Wednesday, June 18, 2008

Starting Tomatoes from Seed

Several days ago, I decided to start another Black Prince tomato plant from seed and use it to replace my last and very poor looking Better Boy. I'm doing this because the Better Boy appears to be losing ground rapidly, while the Black Prince continues to thrive and put on fruit. Hopefully, the time it takes the Siberian heirloom's seeds to grow into transplantable seedlings will give the few (3) small tomatoes on the Better Boy a chance to ripen. That is, of course, assuming that the plant survives that long.

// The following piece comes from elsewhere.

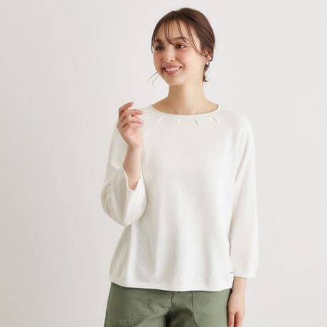 一枚で着ても、お揃いのカーディガンとアンサンブルで着ても素敵な着こなしが叶う、使い勝手のよい少しコンパクトなシルエットのラウンドネックプルオーバーです。
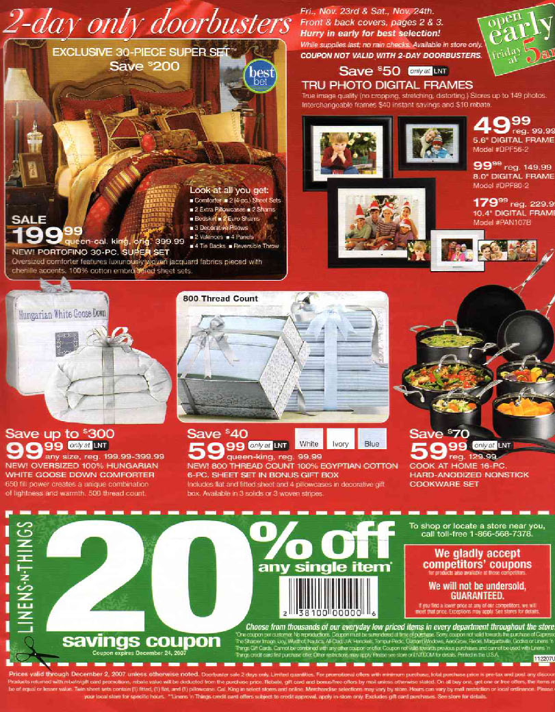 Here is the Black Friday ad for Linens-N-Things, day after Thanksgiving:

So, earlier this morning I planted several seeds that I harvested from a Black Prince tomato about a week ago. It is pretty simple to harvest seeds from tomatoes. Only try it with heirlooms, however, as any plant you get from a hybrid tomato may differ greatly from the plant that produced the seed. I used the following method:
Allow one a plant that you like to fully ripen, pick it, and cut it in half. Then scoop out the seeds with a spoon, knife, finger, or whatever you have. Now, dump this gooey mess into a cup, add a little water, and cover with the top with some wrap with a few holes punched in it. You'll want to remove the cover about once a day and stir the seeds. Soaking/fermenting in water helps remove the gelatinous coating from the seeds and some claim that it rids the seeds of any diseases that might be present. After the seeds soak for a few days, the top of the water will look pretty scummy. This is a good thing, as it lets you know the fermentation is taking place. Now remove the seeds, rinse them off, and spread them out one by one on a paper towel. Place the paper towel in an out of the way place and allow the seeds to dry for several more days (3 or 4 should do it). Once dry, they are ready to store or plant.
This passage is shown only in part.